Somewhere along the way, marketing was framed as something outside of you... something to learn, something to master, something to get right, rather than something that emerges from you when you’re willing to tell the truth in a way that can actually be heard.
So what happens in this distortion?
The language gets cleaner, but flatter and the edges that made your work alive get softened into something more digestible, more strategic, more aligned with what you’ve been told “works.”
And while that might get attention, it rarely gets the kind of resonance that actually builds a body of work, a reputation, and a business that feels like it belongs to you.
So let’s interrupt that pattern at the root.
What if the issue isn’t your messaging… but the lens you’ve been taught to look through when you create it?
You’re taught to refine your message until it’s tight, targeted, and optimized for response, to understand your audience so well that you can anticipate their desires and speak directly into them, and to shape your words in a way that increases the likelihood of conversion.
And again...there's intelligence in this. It's not all bad.
Understanding human behavior matters.
Knowing how people make decisions matters.
Clarity matters.
But when stats become the dominant orientation, something essential starts to slip through the cracks.
Art doesn’t begin with, “What will land?”
Art begins with, “What is true, even if it doesn’t?”
Art is willing to be misunderstood in the name of being real.
Art is willing to hold tension, contradiction, and complexity without rushing to resolve it into something neat and palatable.
Art trusts that the right people will feel it, even if everyone doesn’t.
When you start treating your marketing like art, you stop trying to manufacture response and start allowing transmission.
Instead of sitting down to figure out what to say in order to make something sell, you begin by listening for what is actually there to be said, what is pressing at the edges of your awareness, what truth feels like it’s asking to come through you even if it hasn’t been perfectly formed yet.

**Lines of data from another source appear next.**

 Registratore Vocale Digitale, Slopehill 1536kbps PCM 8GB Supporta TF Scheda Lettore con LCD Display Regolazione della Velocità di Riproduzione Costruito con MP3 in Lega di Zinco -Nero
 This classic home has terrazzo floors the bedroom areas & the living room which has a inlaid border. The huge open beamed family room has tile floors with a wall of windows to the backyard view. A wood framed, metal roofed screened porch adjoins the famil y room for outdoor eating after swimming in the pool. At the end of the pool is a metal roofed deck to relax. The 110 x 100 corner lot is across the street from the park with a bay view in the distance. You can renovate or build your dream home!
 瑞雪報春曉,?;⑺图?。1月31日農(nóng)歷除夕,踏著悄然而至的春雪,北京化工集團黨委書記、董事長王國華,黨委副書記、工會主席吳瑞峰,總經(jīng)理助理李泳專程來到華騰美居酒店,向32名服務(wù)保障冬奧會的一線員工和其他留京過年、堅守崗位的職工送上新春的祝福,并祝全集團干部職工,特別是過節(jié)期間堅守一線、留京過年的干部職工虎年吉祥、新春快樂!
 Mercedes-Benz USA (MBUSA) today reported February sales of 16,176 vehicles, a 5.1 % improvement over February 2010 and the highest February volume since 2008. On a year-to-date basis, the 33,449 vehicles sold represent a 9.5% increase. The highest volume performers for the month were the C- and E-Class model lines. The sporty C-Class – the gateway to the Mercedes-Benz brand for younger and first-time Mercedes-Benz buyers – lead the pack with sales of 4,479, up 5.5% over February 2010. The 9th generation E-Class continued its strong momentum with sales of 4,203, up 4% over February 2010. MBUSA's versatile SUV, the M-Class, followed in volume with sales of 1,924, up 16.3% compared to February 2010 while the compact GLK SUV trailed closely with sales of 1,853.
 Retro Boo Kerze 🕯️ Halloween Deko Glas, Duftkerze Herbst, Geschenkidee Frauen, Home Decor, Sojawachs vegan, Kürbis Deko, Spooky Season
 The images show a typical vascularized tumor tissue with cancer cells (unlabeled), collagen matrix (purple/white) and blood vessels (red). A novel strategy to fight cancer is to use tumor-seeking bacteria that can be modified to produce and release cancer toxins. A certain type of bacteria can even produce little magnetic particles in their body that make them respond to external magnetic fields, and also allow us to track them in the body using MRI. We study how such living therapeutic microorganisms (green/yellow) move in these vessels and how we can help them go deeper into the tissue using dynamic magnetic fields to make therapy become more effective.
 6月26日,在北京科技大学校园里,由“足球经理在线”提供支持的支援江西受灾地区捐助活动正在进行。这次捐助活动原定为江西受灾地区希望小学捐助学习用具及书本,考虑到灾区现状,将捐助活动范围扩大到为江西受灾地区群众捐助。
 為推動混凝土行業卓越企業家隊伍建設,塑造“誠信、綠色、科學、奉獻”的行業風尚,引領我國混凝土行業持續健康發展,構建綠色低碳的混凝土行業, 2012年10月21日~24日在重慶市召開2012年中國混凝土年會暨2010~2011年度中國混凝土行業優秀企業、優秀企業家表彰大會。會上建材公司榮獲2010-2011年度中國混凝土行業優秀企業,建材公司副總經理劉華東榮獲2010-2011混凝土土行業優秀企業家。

Key takeaways from this shift?
You'll move out of performance and into presence.
Out of positioning and into perspective.
Out of trying to sound “right” and into sounding unmistakably like yourself.

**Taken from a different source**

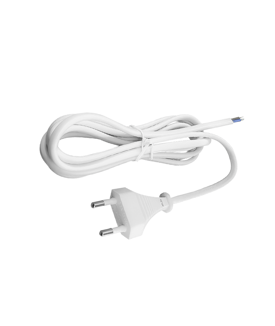 1,5 meter vit strömkabel med euro-kontakt och avisolerade ledningar.
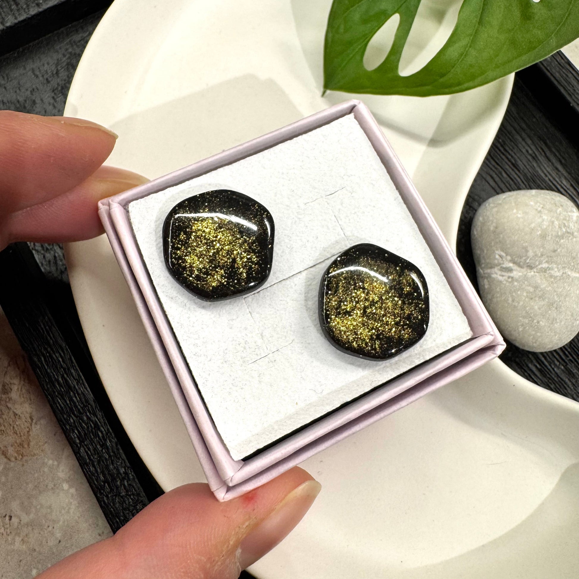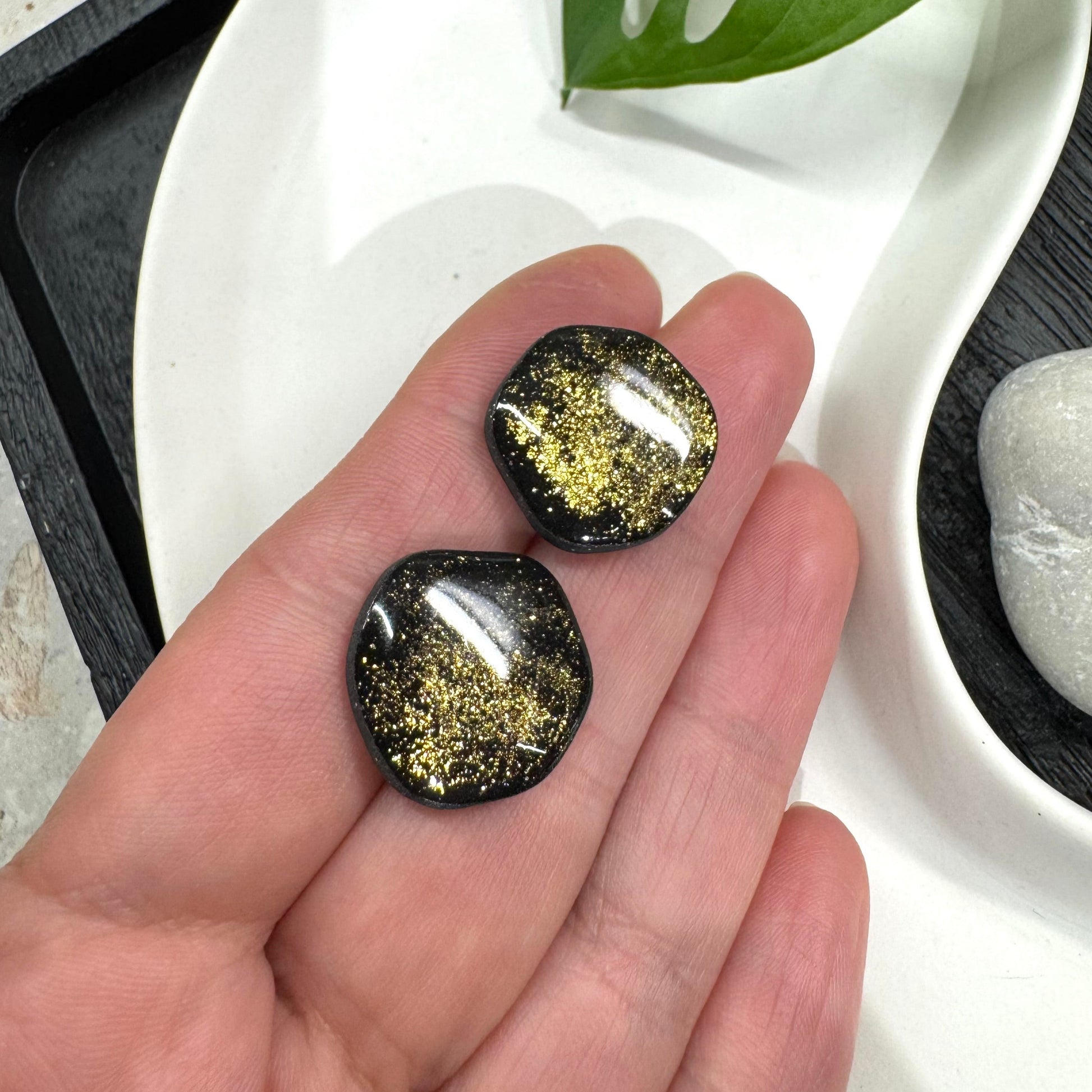 Stellar-nappien isompi versio. Mustat nappikorvakorut ripauksella kultaista hilettä.

In essence, just like the creation of art, your marketing should feel like a journey of getting to know yourself even more.

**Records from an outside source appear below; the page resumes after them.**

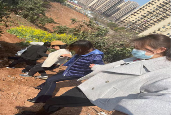 活动当天,阳光明媚。基层委员会会员们一到植树现场,发现道路陡峭,不易前行,我们仍坚持前进。虽然道路陡峭,但民建会员手牵手,脚抵脚,一步一步共同克服困难,艰难的来到植树现场。
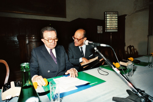 Giulio Andreotti e Vittore Branca ripresi prima dell'inizio di una conferenza tenuta sull'Isola di San Giorgio Maggiore in occasione del Convegno internazionale "Giornate delle genti e delle regioni d'Europa" (Venezia 14-21 settembre 1986) promosso dalla Regione del Veneto con la collaborazione della Fondazione Giorgio Cini e de La Biennale di Venezia.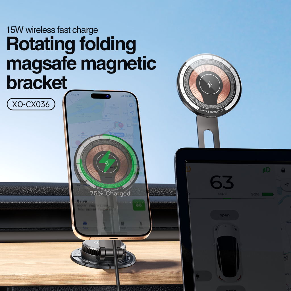 O Carregador Automóvel Wireless XO Design CX036 é um suporte magnético moderno, concebido para carregamento rápido e utilização cómoda durante a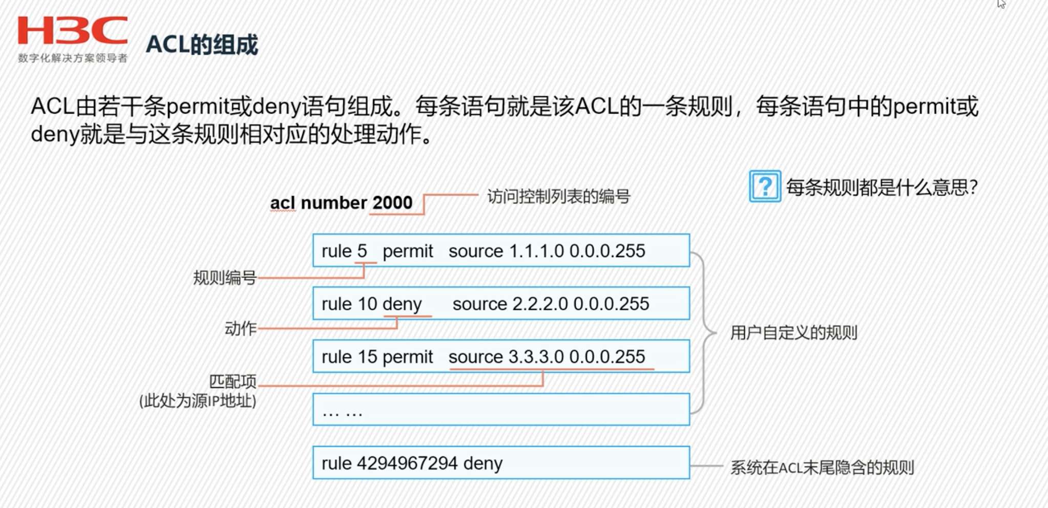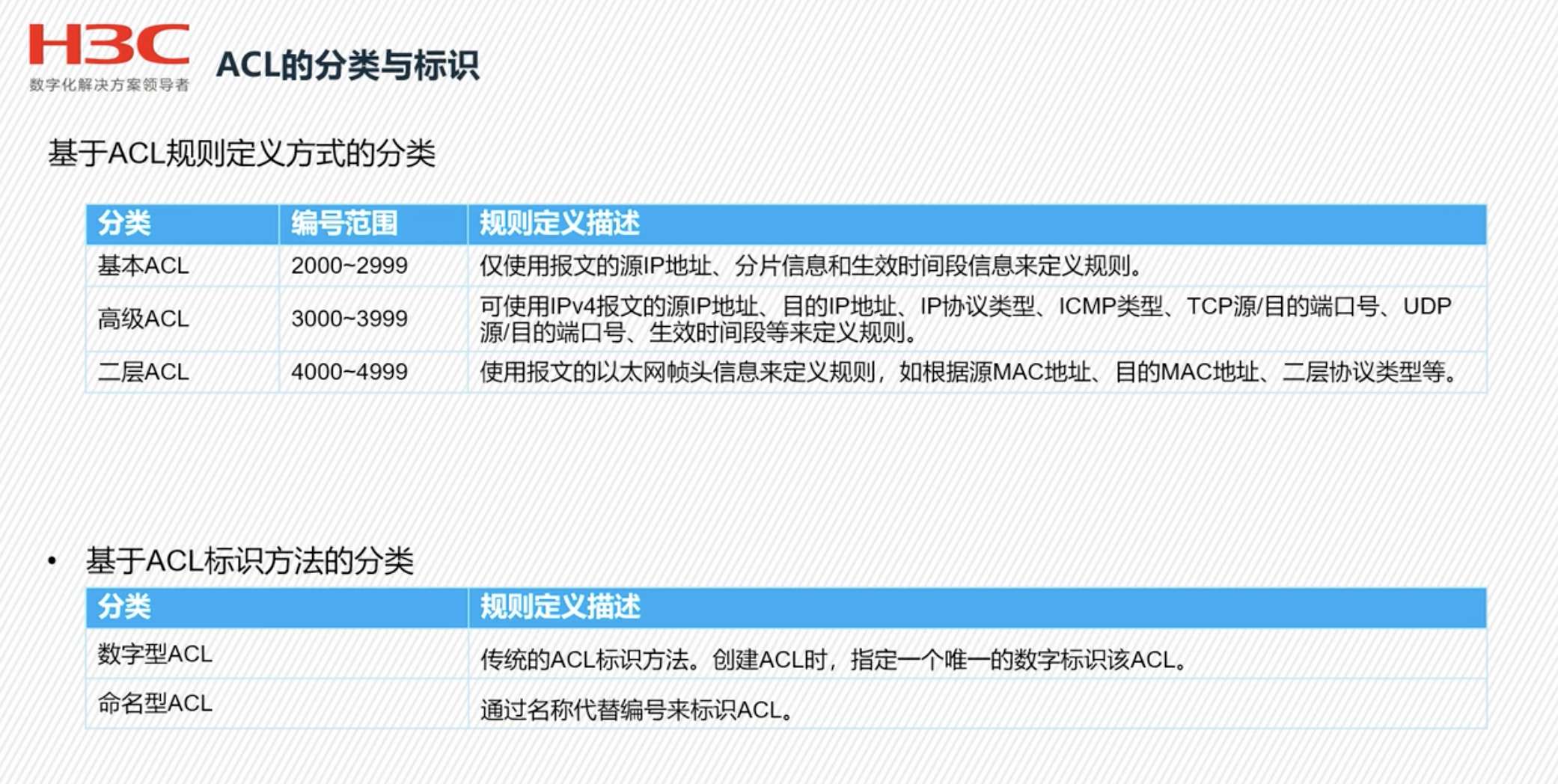 在H3C中,基于ACL规则方式的分类有三种,分别为:

And that type of authenticity will draw the right people closer and create friction with the wrong ones. Do not worry when this happens. It's not a loss of strategy, but instead, it's strategy at a higher resolution.
We don't want to bring people into your world who are responding to a version of you that was shaped to be received rather than revealed.
There's a high cost to that and it's clients who don't quite see your brilliance, conversations feel slightly off, and business might work, but it won't feel like flow.
But this way of creating asks something of you that most strategies conveniently avoid, which is your willingness to be seen without the usual layers of protection.
Because when you create from truth instead of from strategy alone, the safety buffer is lost.
You can’t dilute your voice to make it universally agreeable and you can’t pretend neutrality when you actually have a perspective.
Marketing is not the thing you do after your work is finished.
It is part of the work itself.
It is the moment where your lived experience becomes language, where your perspective takes shape in a way that others can enter, and where the intangible essence of what you do becomes something that can be felt, understood, and chosen.
So if you’re feeling stuck, or like your words aren’t quite landing in the way you know they could, try this instead of reaching for another strategy:
Pause long enough to actually hear yourself.
Ask yourself what you’re actually trying to say, what feels slightly dangerous to name out loud, and what would be left if you stopped trying to make it palatable and started making it honest.
Start there.
Give it structure so it can move.
But don’t strip it of the very thing that made it worth saying in the first place.
Because the work that builds trust, depth, and real momentum doesn’t feel like marketing when you’re inside of it.
It feels like clarity, truth and something clicking into place that was always there, just waiting to be named.
And yes, when you do it this way, it sells.
Create something real enough that the right people can recognize themselves inside of it so they can trust you to take them somewhere they already know they’re meant to go.
Stop thinking of it as marketing.
Start treating it like the art form it’s always been.